Comment 13 Yariv 2018-05-31 08:24:58 UTC
Created attachment 1446159 [details]
sos-compute-2

OK that problem is solved:

Question1:
* how come nova-compute is down? is it related to my THT?

Question2:
* failing uploading sosreport for compute

Comment 14 Sahid Ferdjaoui 2018-05-31 08:56:18 UTC
I did not find any specific action from os-services API that could have cause the service to be set in disable.

So I assume that, you restarted the service during the heal check, so the controller disabled the service by itself.

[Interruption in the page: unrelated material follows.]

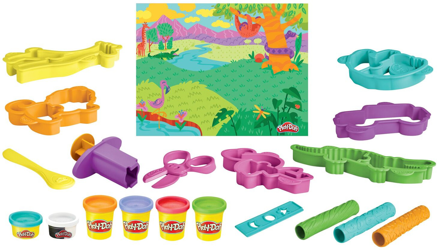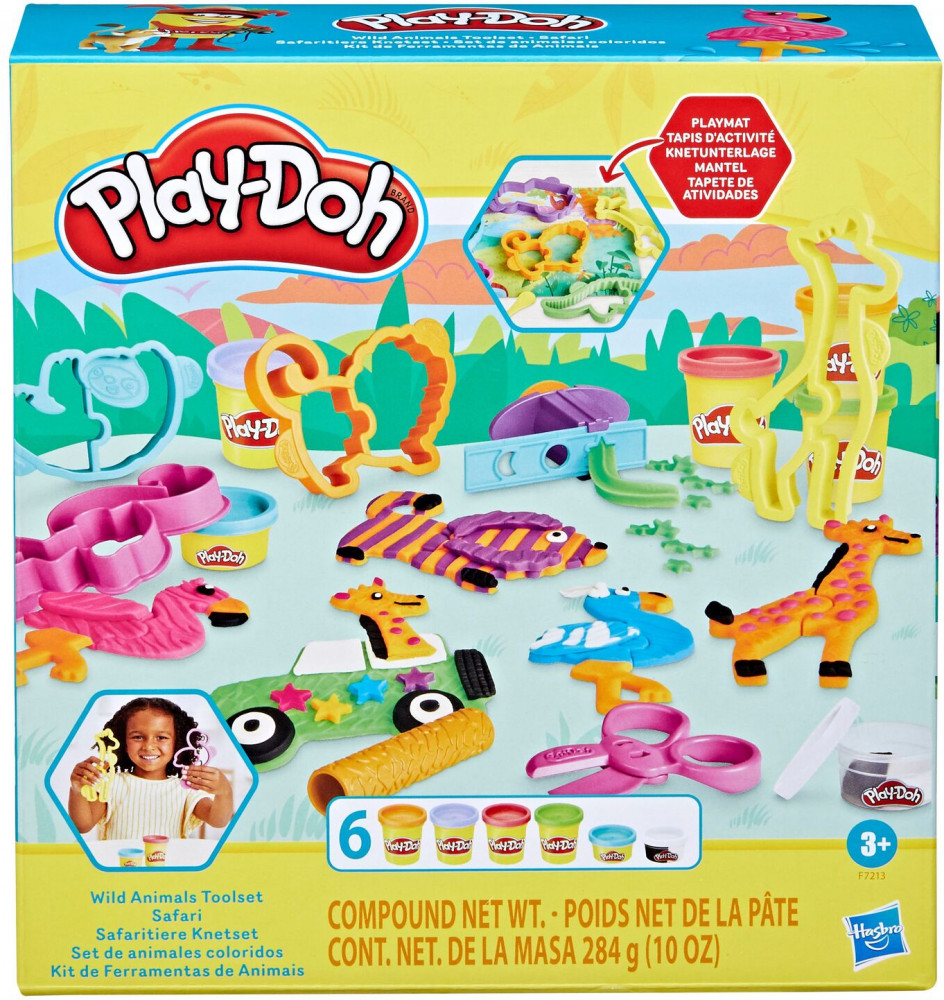 Погрузитесь в мир дикой природы с набором Play-Doh Дикие животные! Создайте гигантскую жирафу, огромного крокодила или даже джип с помощью 6 крупных форм, а затем украсьте и настройте их, используя ролики с узорами, экструдер, ножницы и игрушечный нож. Головы и хвосты животных также можно комбинировать для создания диких, забавных и уникальных творений! Этот набор Play-Doh включает 6 банок массы для лепки разных цветов. Дети будут наслаждаться воображаемыми дикими приключениями, используя тематический игровой коврик!

Comment 15 Sahid Ferdjaoui 2018-05-31 09:09:00 UTC
About the new issue, that looks to be related to neutron, I checked neutron server but did not find much information. Perhaps it would be interesting to double check the network configuration, enable debug in neutron (server and agent), and try again.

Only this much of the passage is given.